The jobs market for user research professionals show that more design teams are open to invest in research and evidence based design. I participated in many such calls and surveys in the last two years, after I received invites by founders, PMs, or design leaders.
Well, what happens to the user research data that product teams capture and discuss in product meetings? Does your organization have a documented process for how they destroy it permanently after the purpose is served?
In the research projects where I contributed as a participant, not a single one of them told me either in advance or after the research for what they did to my response, my work title, diet, or any other information that I shared with them.
I spoke to a few friends in my network and this is how they handle it.
- The research team deletes the data and then document that the data are removed.
- They request the product team to delete it, and then they check and confirm (as part of the org process) if the research data are deleted.
- No team communicates it to the participants that their data are deleted.
- The participants who share personal and sensitive data such as in the human trafficking and alcohol de-addiction cells have never asked the design teams to know what happened to their data.
Like any other type of information, all branded content is the an organization’s asset. So the subject of research data lifecycle management falls within the scope of digital governance or content governance.
Lisa Welchman, author of Managing Chaos: Digital Governance by Design, shares their experience of working on Intel’s digital governance, in this CMI post by Marcia Riefer Johnston.
“Identify a standards steward. Policy is important, too, but you need to have someone in charge of thinking about standards across content projects. If you don’t have documented standards—a resource where people can go to find out “how it’s done here”—then every time people do a content project, at each milestone, they get into debates. Find somebody to take on the responsibility of creating whatever standards you need and then communicate them.”
In the CMI post, Lisa does not talk about the research data but their thoughts and the approach to the organization’s content applies pretty much to the research data as well.
The user research data lives in the design and product discussions as insights. This should be documented for its life cycle because the organization does not completely own this data in every sense because this is contributed by the users and the public, voluntarily.

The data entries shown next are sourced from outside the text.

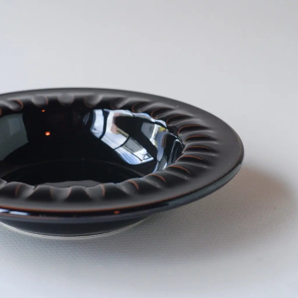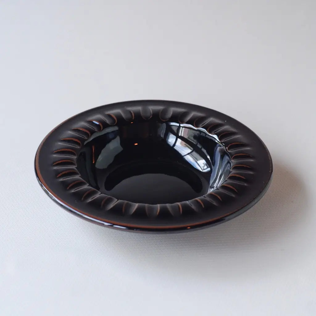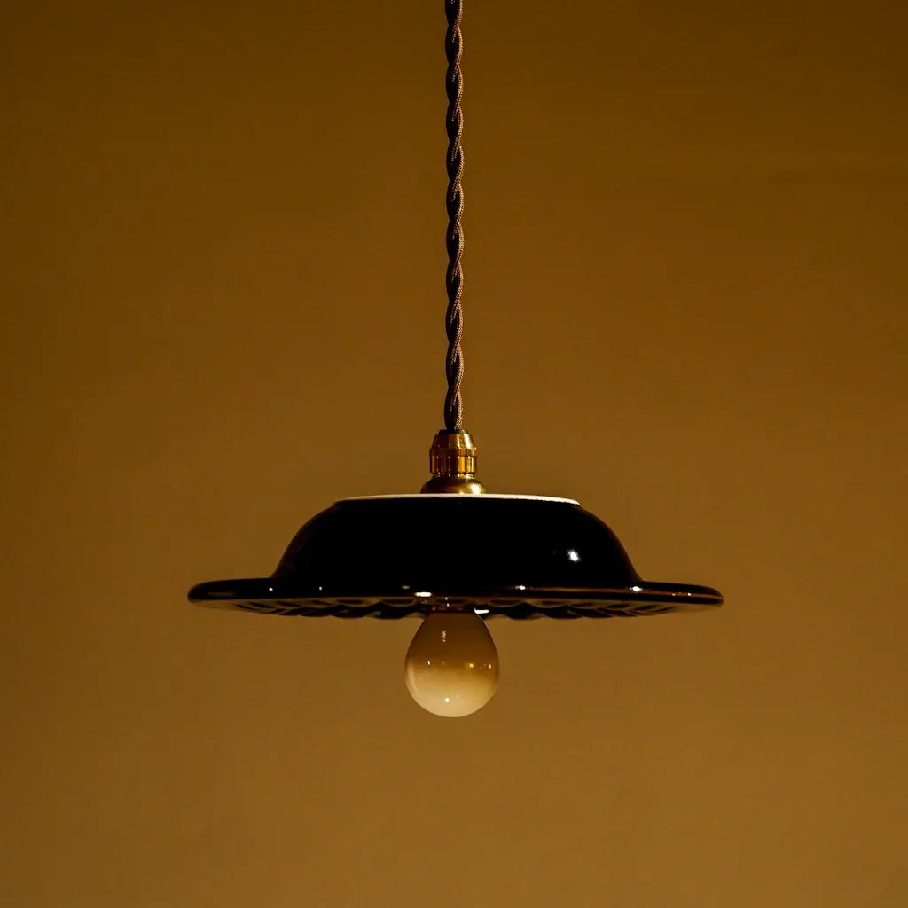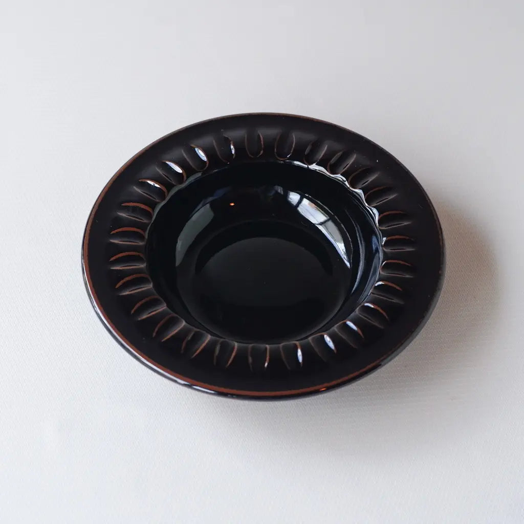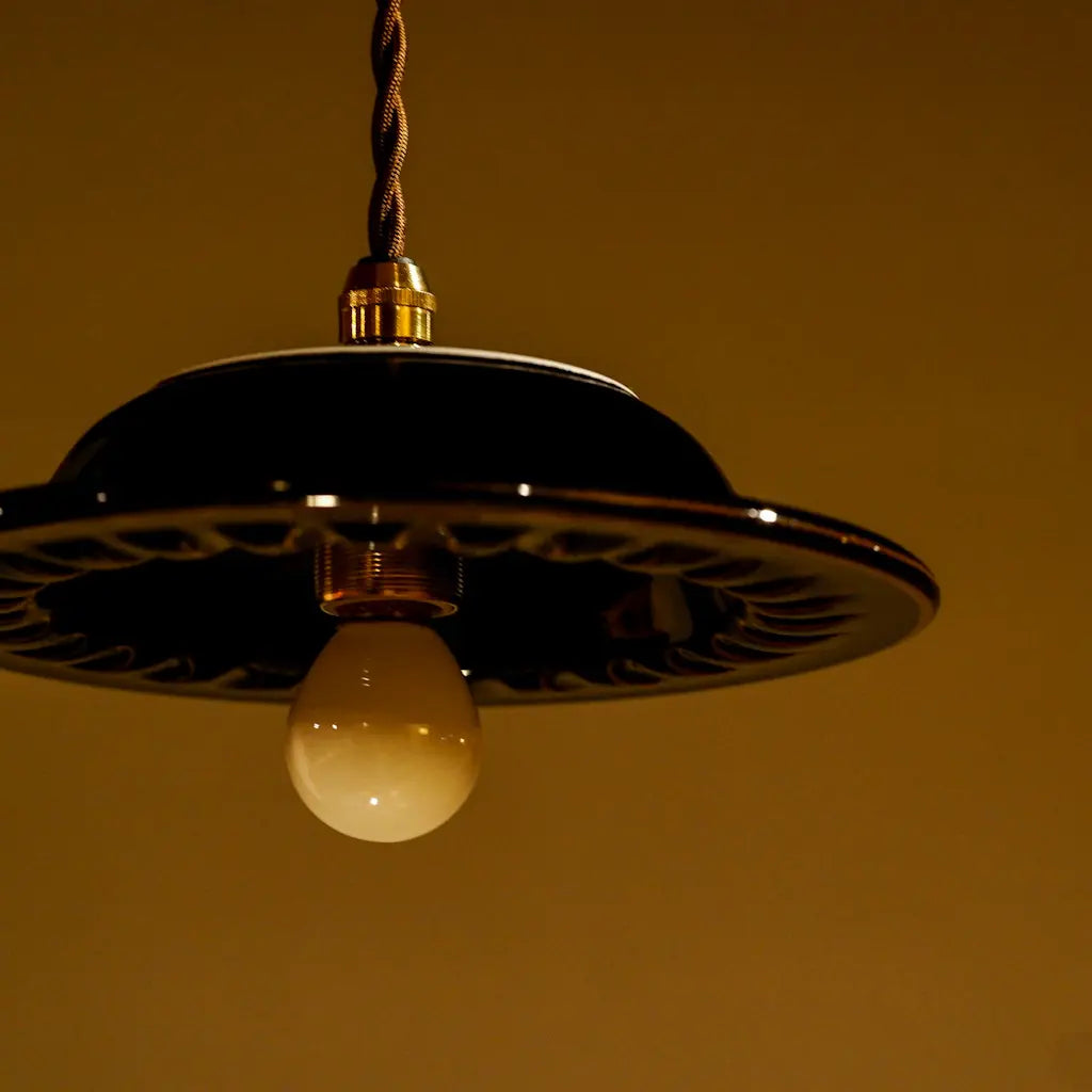 黒釉で艶やかに仕上げられた灰皿をリメイクしたペンダントライト。黒一色だからこそ際立つ、リブ形状(凹凸)。シンプルな造形は、光を受けたときに陰影を生み出し、表情を作ります。黒色は日本的な静謐さとモダンさを両立。和室にも洋室にも寄り添う、研ぎ澄まされたデザインです。
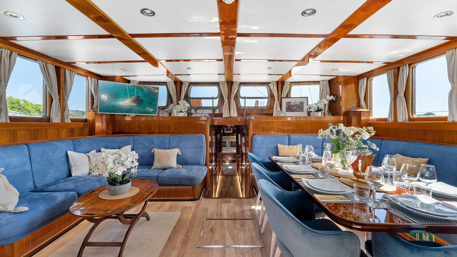 This gulet has a large outdoor dining area.
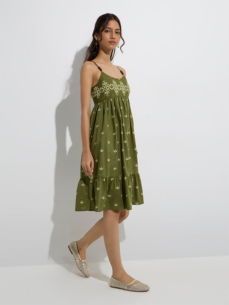Bombay Paisley introduces this olive dress adorned with botanical prints. Made from a cotton-rich fabric, it flaunts a tiered silhouette with a scoop neckline, adjustable straps and a smocked back for added comfort and ease of movement.
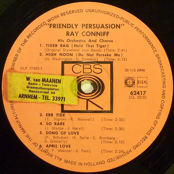 Ray Conniff And His Orchestra & Chorus – Friendly Persuasion (LP, Album, Mono)
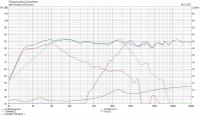 Die Spule vor dem Sub ist nett, aber aus deiner Trennung wird schon mal nix, weil sich der Pegel des Sub am 2ten BR-Höcker stört (bäumt sich auf), und aber mindestens aufgrund der (wsl sehr hohen) Schwingspuleninduktivität gar nicht ausreichend wirken kann.(Alternativ hast du das Volumen viiiiiel zu groß gewählt, dann ist das Verhalten ähnlich, Variante 1 ist mir aber plausibler im Moment). Grundsätzlich ist die Spule viel zu klein für die erhoffte Trennung, aber wsl hast du die so ausgewählt, weil bei einem größeren Wert der Buckel noch viel größer geworden wäre--->Einebnung des 2ten Höckers mittels Saugkreis erforderlich!!)
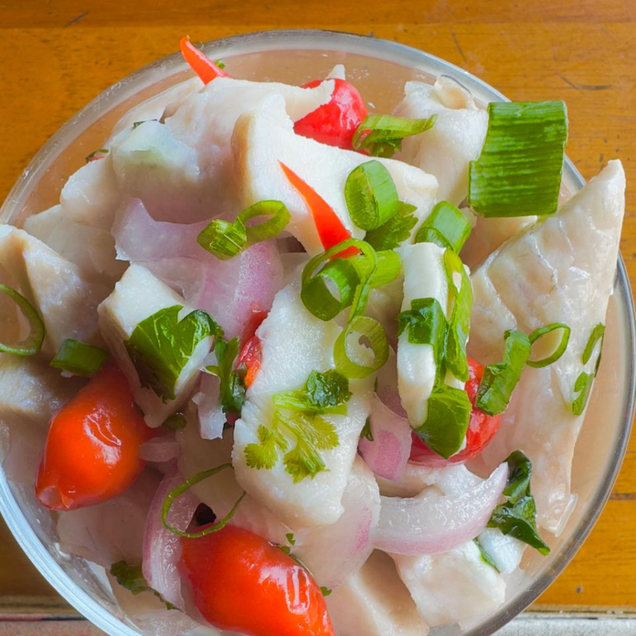 Isca de peixa cortada e pedacinhos refogada, molho, farinha de mandioca e tempero especial da casa acompanha pão
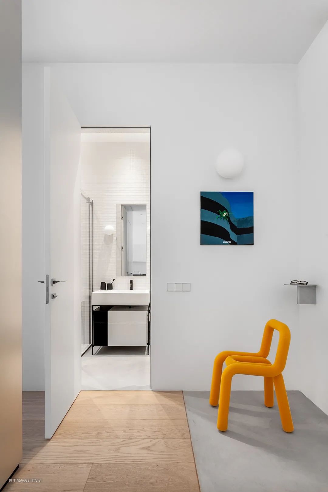 ▲看到这个铝板的柜体了吗?它其实就是衣帽间的一部分,一侧在公共区域,一侧在卧室区域,以此串联两部分空间,这样的方式你喜欢吗?
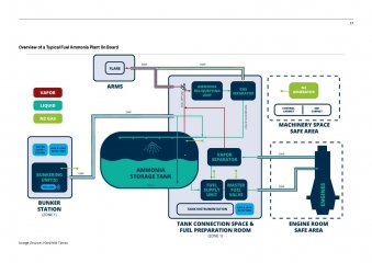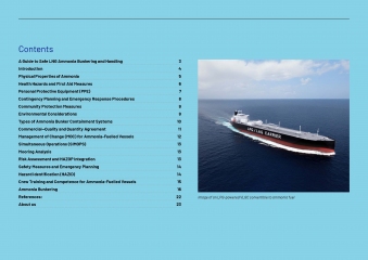 Additionally, the guide outlines a formal Management of Change (MOC) framework to support the organisational shifts, crew training, and competency development required for ammonia-fuelled vessels. It also addresses environmental considerations, such as the containment of toxic runoff, and community protection measures through dispersion modelling.
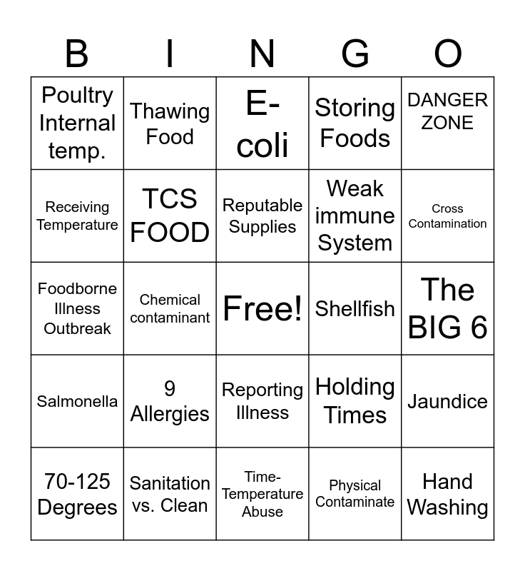This bingo card has a free space and 29 words: 165 degrees, Sanitation vs. Clean, E-coli, FATTOM, DANGER ZONE, Poultry Internal temp., TCS FOOD, Reputable Supplies, Shellfish, Jaundice, 70-125 Degrees, Chemical contaminant, Physical Contaminate, Hand Washing, Foodborne Illness Outbreak, Ground Meat Internal Temperature, Time-Temperature Abuse, Holding Times, Cross Contamination, Salmonella, 9 Allergies, RTE Food, Weak immune System, The BIG 6, Receiving Temperature, Thawing Food, Reporting Illness, Storing Foods and Reheating Foods.
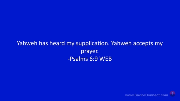 Yahweh has heard my supplication. Yahweh accepts my prayer. -Psalms 6:9 WEB
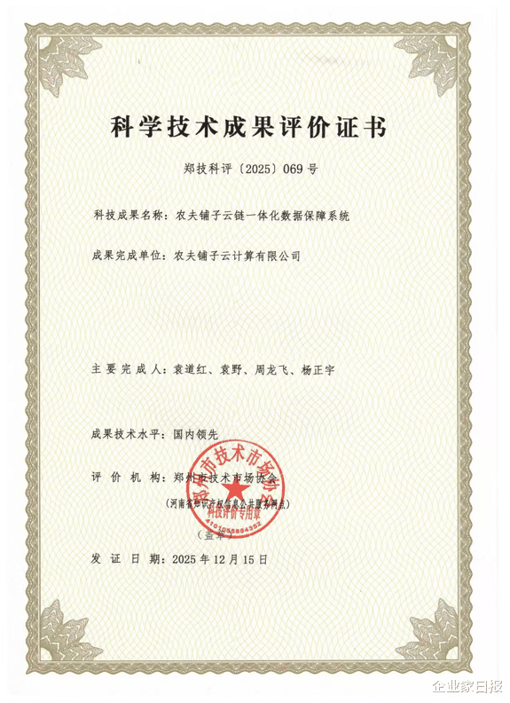 2026年1月31日,在郑州举办的2026第二届数智共同体发展大会暨河南省数字经济产业协会一届四次会员大会上,袁道红荣膺“数字经济领军企业家”“年度优秀会长最佳贡献奖和创新引领奖”,农夫铺子集团斩获“数字经济领军企业”“数字创新标杆企业”“卓越转型案例和生态共建贡献奖”等多项重磅荣誉,其独创的“农夫铺子方案”成为数实融合领域可复制、可推广的行业范式。

Ada Lovelace Institute published a Participative Data Stewardship Framework that encouraged users’ participation in their own data management and ownership, and the data sharing options such as in data donation projects.
“The framework shows how participatory data stewardship can help businesses, developers and policymakers to better understand which rights to enshrine to contribute towards the increased legitimacy of, and public confidence in, the use of data and AI that works for people and society.” (See Ada Lovelace Institute’s post on this framework.)
“Stewards are responsible for involving the people who have a stake in and are impacted by data use and processing. That involvement is based on a relationship of trust and a social mandate to use data (often described in the legal context as a trust-based ‘fiduciary’ relationship – where the data steward has a responsibility to put people and society’s interests ahead of their own individual or organisational interests).”
Defining data ownership at different stages in the research data lifecycle is part of content governance model. This is another reason of how product content strategy helps an organization.
If you work in user research team in any role, it is time to propose its lifecycle for how it is deleted, and how it is communicated to the data owners that their data are deleted from the organization’s records.